THE PROBLEM: For the listing below, report all lines that hold the word "Polícia".

RECORD SET:

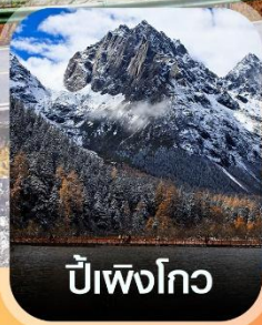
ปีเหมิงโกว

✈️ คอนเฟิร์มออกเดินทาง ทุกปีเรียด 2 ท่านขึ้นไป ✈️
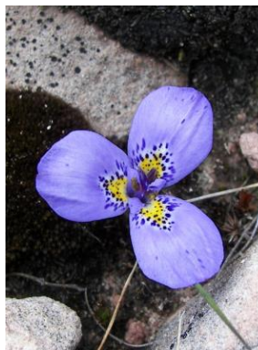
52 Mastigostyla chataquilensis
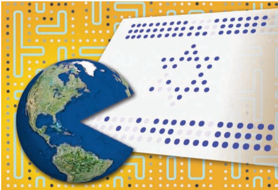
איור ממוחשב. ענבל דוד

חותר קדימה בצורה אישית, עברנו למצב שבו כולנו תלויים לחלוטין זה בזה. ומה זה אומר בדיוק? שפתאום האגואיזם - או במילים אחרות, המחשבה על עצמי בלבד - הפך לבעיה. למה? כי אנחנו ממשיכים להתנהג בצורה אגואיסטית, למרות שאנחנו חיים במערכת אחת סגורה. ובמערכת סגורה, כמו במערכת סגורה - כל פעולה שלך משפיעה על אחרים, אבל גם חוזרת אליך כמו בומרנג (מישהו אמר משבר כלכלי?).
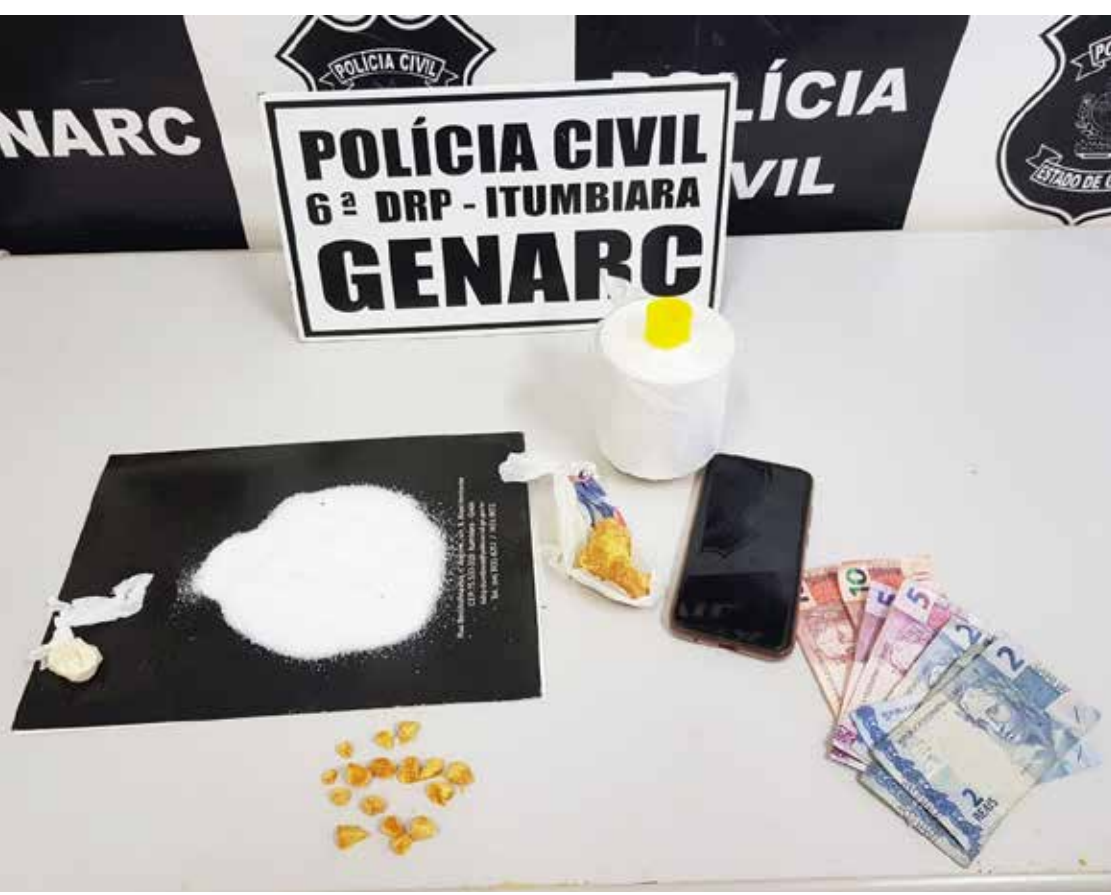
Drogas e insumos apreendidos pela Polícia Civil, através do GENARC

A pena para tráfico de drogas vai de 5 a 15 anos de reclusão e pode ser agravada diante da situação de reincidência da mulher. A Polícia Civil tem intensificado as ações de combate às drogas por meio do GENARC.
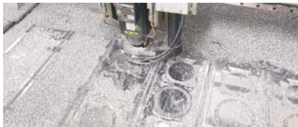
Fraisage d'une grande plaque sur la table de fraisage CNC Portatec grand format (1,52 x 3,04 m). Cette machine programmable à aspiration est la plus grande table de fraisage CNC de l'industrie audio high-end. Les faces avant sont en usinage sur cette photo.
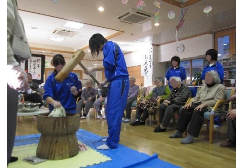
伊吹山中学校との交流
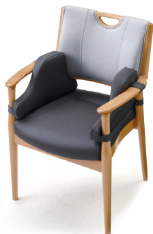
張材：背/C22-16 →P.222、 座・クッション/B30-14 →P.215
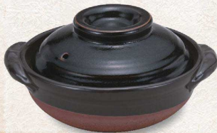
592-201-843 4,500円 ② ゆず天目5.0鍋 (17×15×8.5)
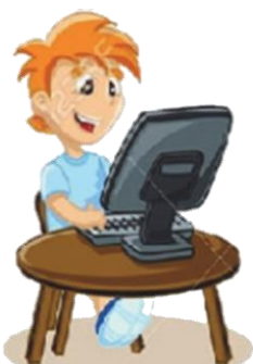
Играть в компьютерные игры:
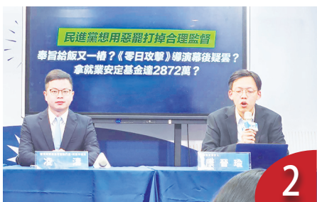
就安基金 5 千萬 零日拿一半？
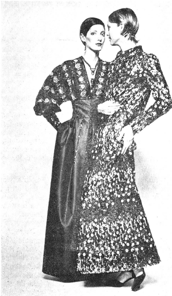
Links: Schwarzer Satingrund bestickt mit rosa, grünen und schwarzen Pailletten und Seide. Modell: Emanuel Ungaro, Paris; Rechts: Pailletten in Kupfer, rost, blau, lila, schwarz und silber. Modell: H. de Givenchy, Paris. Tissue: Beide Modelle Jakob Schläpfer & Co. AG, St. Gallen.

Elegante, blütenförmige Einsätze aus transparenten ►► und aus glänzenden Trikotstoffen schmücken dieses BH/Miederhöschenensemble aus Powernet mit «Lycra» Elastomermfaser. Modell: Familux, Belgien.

RESULT:
Drogas e insumos apreendidos pela Polícia Civil, através do GENARC
A pena para tráfico de drogas vai de 5 a 15 anos de reclusão e pode ser agravada diante da situação de reincidência da mulher. A Polícia Civil tem intensificado as ações de combate às drogas por meio do GENARC.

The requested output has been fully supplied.